It isn't body dysmorphia to want to post images that have acne cleaned up or where you look thinner. It's just real life. Snap chat and Instagram tend to make it a bit easier by having filters that (unnaturally) do a lot of stuff to airbrush photos and fix all kinds of things. And the fact that you posted an image with your complexion cleaned up or where your eyes look bigger than they are or where you look a little thinner than you are doesn't make you maladjusted, nor will it become a political liability later on in life.

Obviously teens need to be careful what they post. Posts of people partying, using drugs, or are racist in some way certainly could come back later on to effect employment or other aspirations. But that isn't what this post was about. It was simply about whether people are using photo filters because they desperately want to be as beautiful as some of the fake celebs out there, like the Kardashians.
It is body dysmorphic to think that smeared and pinched, fake image is the more appealing version of 'you'. Because it isn't you! It isn't even you with make up in the right light.

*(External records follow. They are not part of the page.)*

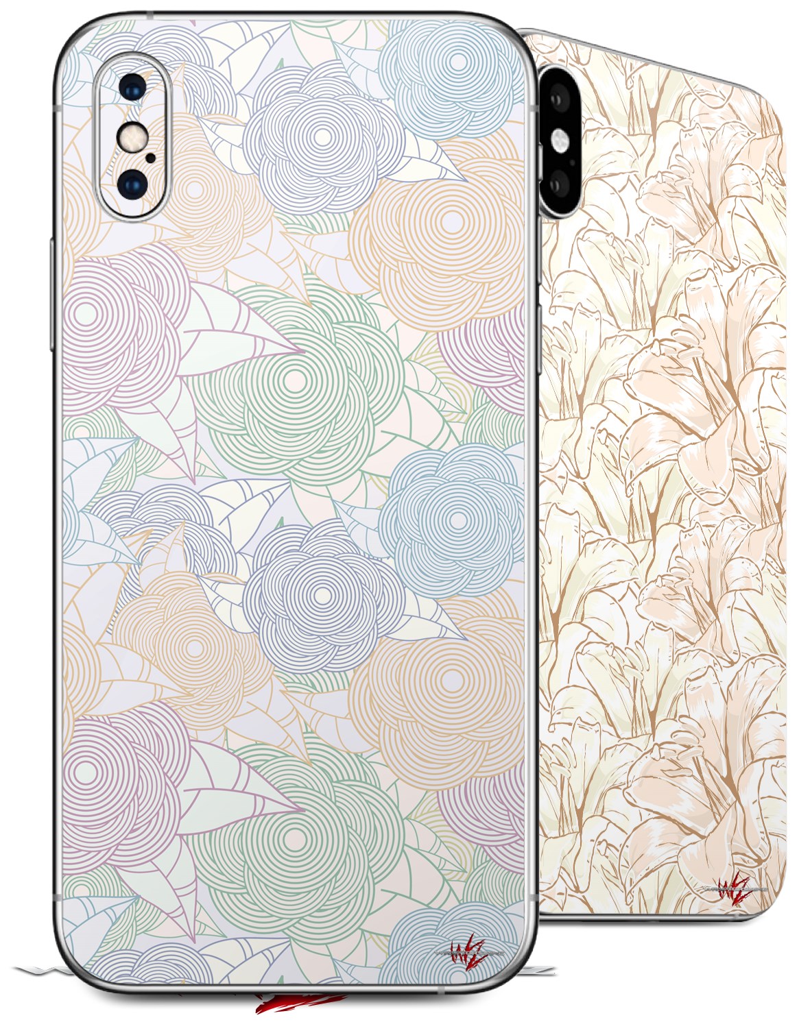 2 Decal style Skin Wraps set for Apple iPhone X and XS Flowers Pattern 10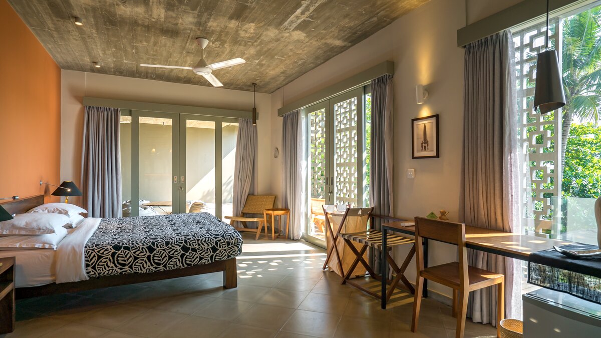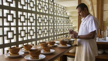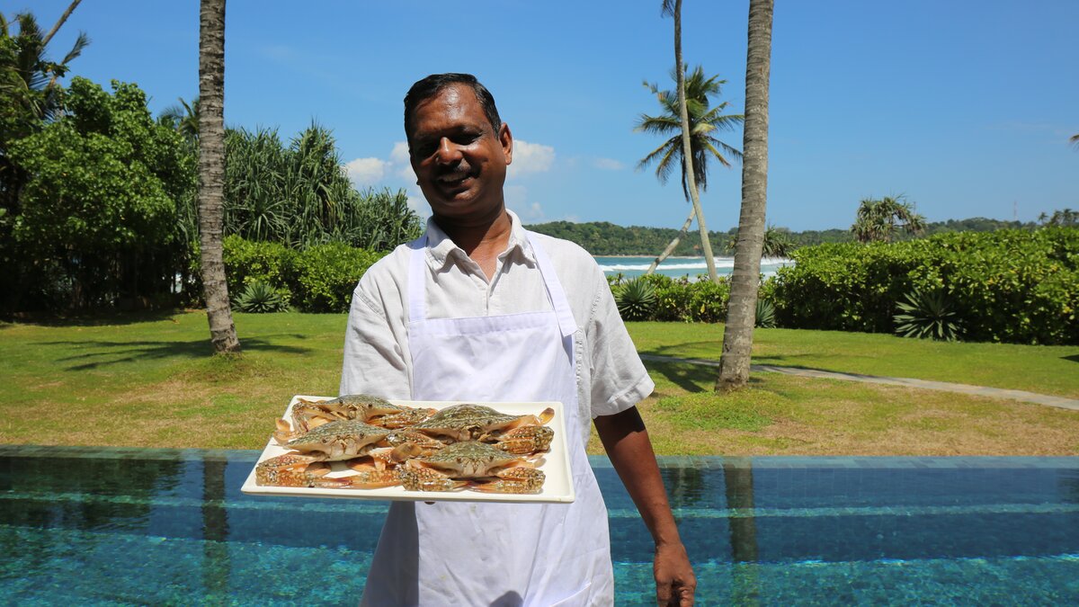 Die Küche ist wirklich das Herzstück der Villa, und hier finden Sie den hochqualifizierten, aber wunderbar bescheidenen Koch. Er engagiert sich sehr dafür, die besten lokalen Produkte zu präsentieren. Er bezieht frisches Gemüse von nahegelegenen Bauern und wählt den Tagesfang von lokalen Märkten oder direkt von den Fischern selbst aus. Jeden Morgen, nachdem er vom Markt mit frischen Meeresfrüchten und saisonalen Zutaten zurückkehrt, pflegt er den eigenen Gemüse- und Kräutergarten der Villa und prüft sorgfältig die Gewürze, die seine Küche inspirieren. Mit seiner langjährigen Erfahrung ist der Küchenchef leidenschaftlich für die sri-lankische Küche und freut sich immer, sein Wissen über die Aromen und Traditionen mit seinen Gästen zu teilen.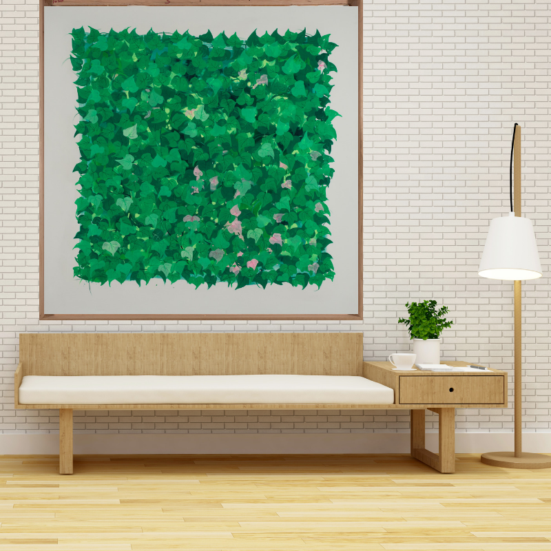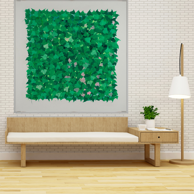 'Ivy Wall' featuring green leaves with a splattering of soft pink leaves.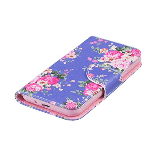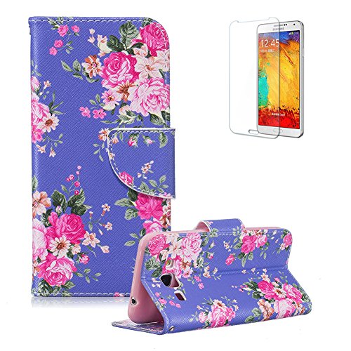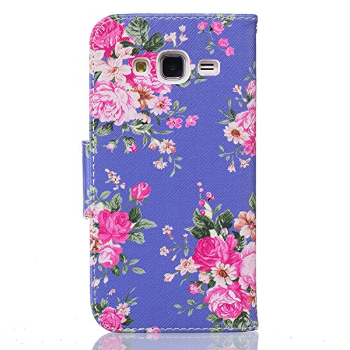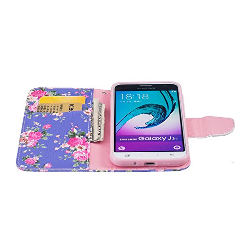 Funyye Custodia Per Samsung Galaxy J3 2015/2016 in Pelle Cover e Pellicola Protettiva,Fiore Rosa in Viola Disegno Portafoglio Copertura [Tasche per Soldi e Carte] [Chiusura Magnetica] Interna Morbida Silicone Cover Per Galaxy J3 2015/2016 J320 Flip Protection Case with Screen Protector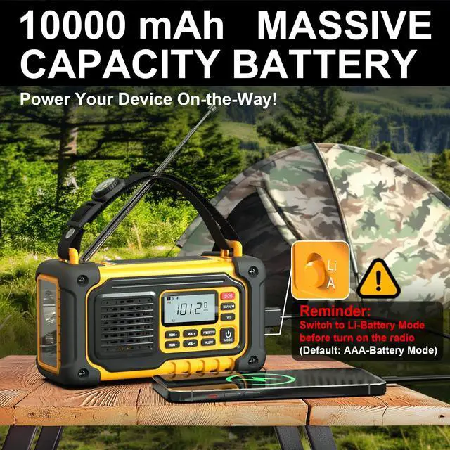 The preium quality 3.5 mm headphone jack, let you enjoy radio shows freely. This emergecy radio is with 2.5W reading lamp which can use handy during emergency power cuts to see a brighty signal in the dark. ^^ 6-WAY CHARGING OPTIONS CRANK RADIO - This built-in 10, 000mAh NOAA Weather Radio with multiple backup charging options is the ideal choice for reliable communication.

But the issue goes deeper than wanting to look like fake celebs.. because the fake celebs are looking more and more plastick each generation. And teen years are when we start really start solidifying more of who we are. It is also one of the more fragile times for ego. People generally want to fit in and be accepted. Kids especially try to make false images of who they are online.. from how they look, to who they know, and how exciting their lives are to prop themselves socially. Just look at instagram.. it has become a cesspool of fakeness. Facebook is not much better.. If this is 'normal' then our society is in trouble..


Eventually kids start to think this is the norm and start to weigh themselves vs that unobtainable 'norm.' That's how bigger issues start..


"Cyber bullying" is a big deal today.. suicides happen because of this garbage. And it isn't just boys attacking boys.. but mean girls attacking other girls based on their looks or lifestyle. The 'haves' setting into the minds of the 'have nots' of the internet what it means to have value and self worth. Keep in mind the internet is closer to the real world for a lot of kids today than the actual real world. And there are a lot of larger, concerning trends online.. such as having a large amount of followers and 'likes'.. usually based on a bunch of lies of who you are in reality.